Photo: Wikimedia Commons
As the world mourns the passing of Neil Alden Armstrong, the first man to land on the moon, so many are recognising his numerous achievements and marveling at the fact that, unlike other astronauts, he never tried to take advantage of his fame.Like most true heroes, he felt that he was only doing his job.
Those close to him have said that he always felt embarrassed that he was given most of the credit for an effort that involved tens of thousands of other people. Why was he given so much of the credit? Brand marketers will tell you that it was because of one of the most powerful forces in branding—being first to a new position.
The First In So Many Ways
Neil Armstrong was the first to walk on the moon. He was also the first human to take a step on any physical world beyond the Earth. Moreover, he was the first to explore a mysterious new world with TV cameras and so many people around the world watching.
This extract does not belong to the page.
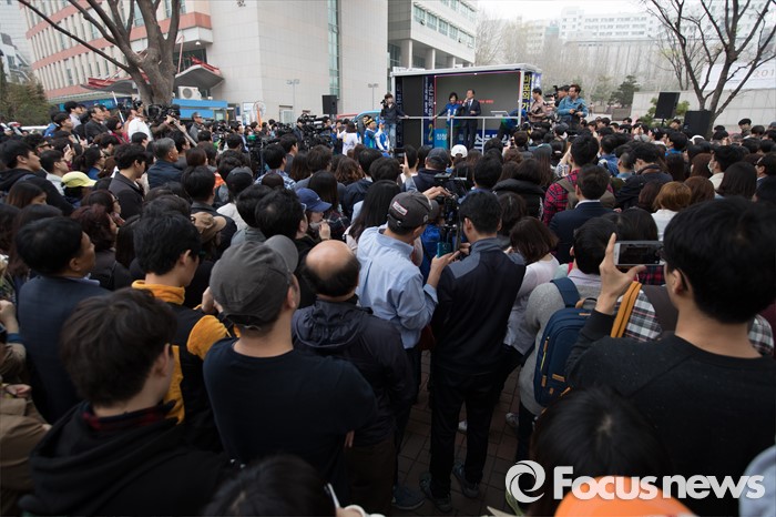 (서울=포커스뉴스) 문재인 더불어민주당 전 대표가 10일 오후 서울 마포구 홍익대학교 앞에서 손혜원 더불어민주당 마포을 후보의 지지를 호소하고 있다.
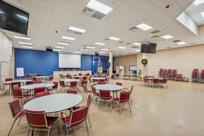 • Union Hall area offers event space and kitchen, adaptable for various uses.

This underscored his place in history and seared the event in the minds of those watching the landing on July 20, 1969. It did the same for those that saw the event on replays or read about it in history books. People don’t forget the first man to walk on the moon because (1) he was first and (2) it was such an important event. Neil Armstrong also helped us to remember this feat with memorable “branding” phrases such as “The Eagle has landed” and “That’s one small step for man, one giant leap for mankind.”
First Mover Advantage
Whenever I teach a marketing course or seminar on branding, I ask the question, “Who was the first man on the moon?” In all cases, I get the answer—”Neil Armstrong.” When I ask the question, “Who was second?” a couple of people timidly mumble, “Buzz Aldrin.” Then, when I ask who was third, I have never gotten a response—right or wrong.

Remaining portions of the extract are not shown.